**EXERCISE PROMPT:** Starting with the line with "Commonly confused with" in the entries below and going on through the line with "Allston bar serving 10-day liquor suspension", output every line exactly and nothing more. No pictures.

**MATERIAL SHOWN:**
──────────

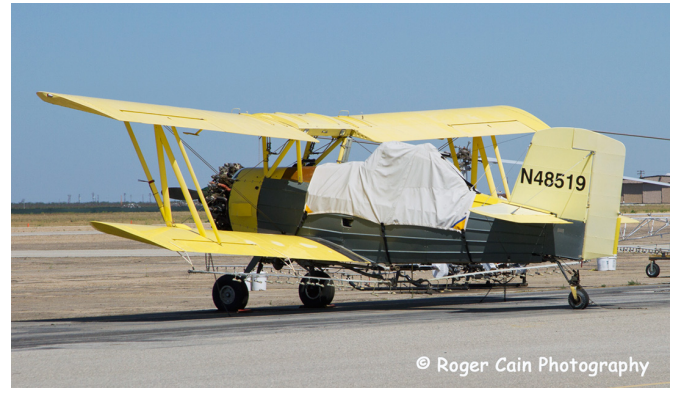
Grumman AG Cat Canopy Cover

──────────

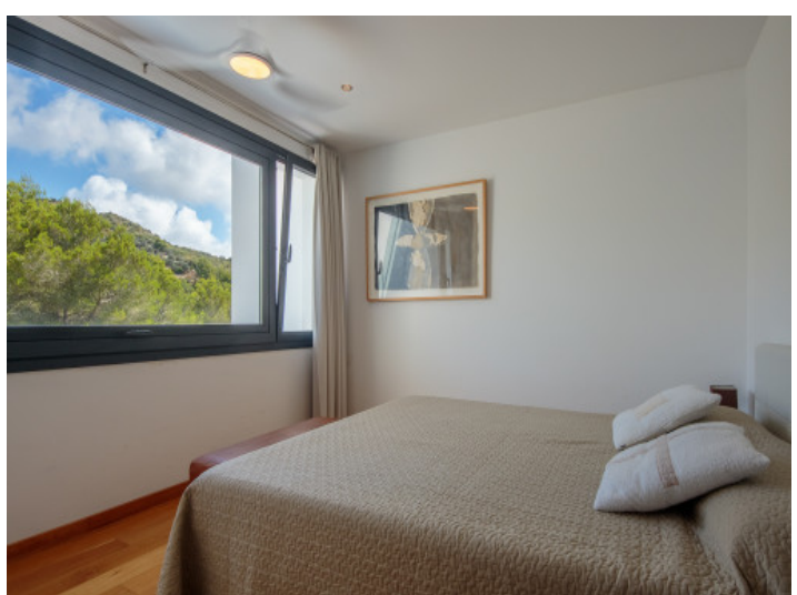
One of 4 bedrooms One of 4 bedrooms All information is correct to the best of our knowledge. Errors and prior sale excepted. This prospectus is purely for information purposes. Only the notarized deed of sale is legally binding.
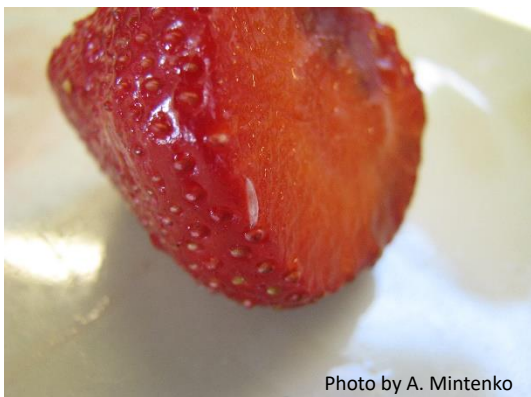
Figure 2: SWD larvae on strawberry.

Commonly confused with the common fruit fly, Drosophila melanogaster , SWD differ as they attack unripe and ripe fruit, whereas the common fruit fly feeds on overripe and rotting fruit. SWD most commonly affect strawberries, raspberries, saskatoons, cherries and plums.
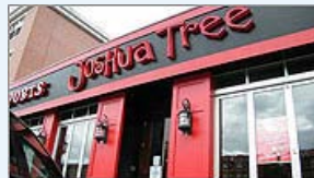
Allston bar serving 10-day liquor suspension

──────────

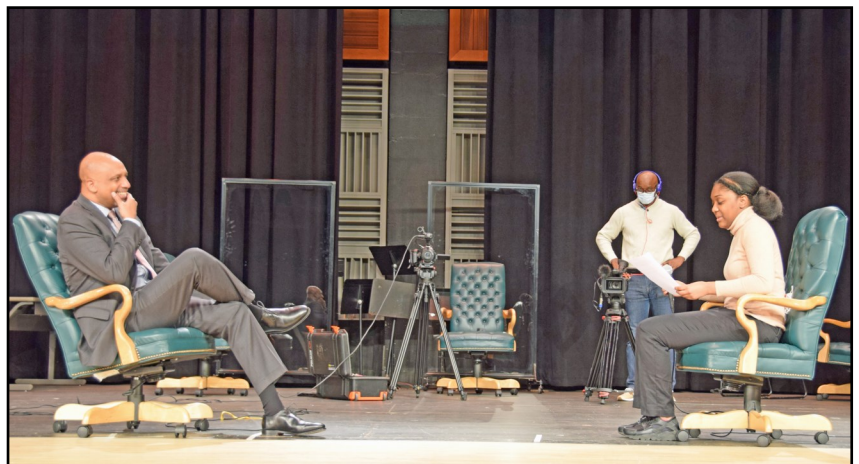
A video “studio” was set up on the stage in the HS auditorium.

──────────

**SOLVED PROBLEM:**
Commonly confused with the common fruit fly, Drosophila melanogaster , SWD differ as they attack unripe and ripe fruit, whereas the common fruit fly feeds on overripe and rotting fruit. SWD most commonly affect strawberries, raspberries, saskatoons, cherries and plums.
Allston bar serving 10-day liquor suspension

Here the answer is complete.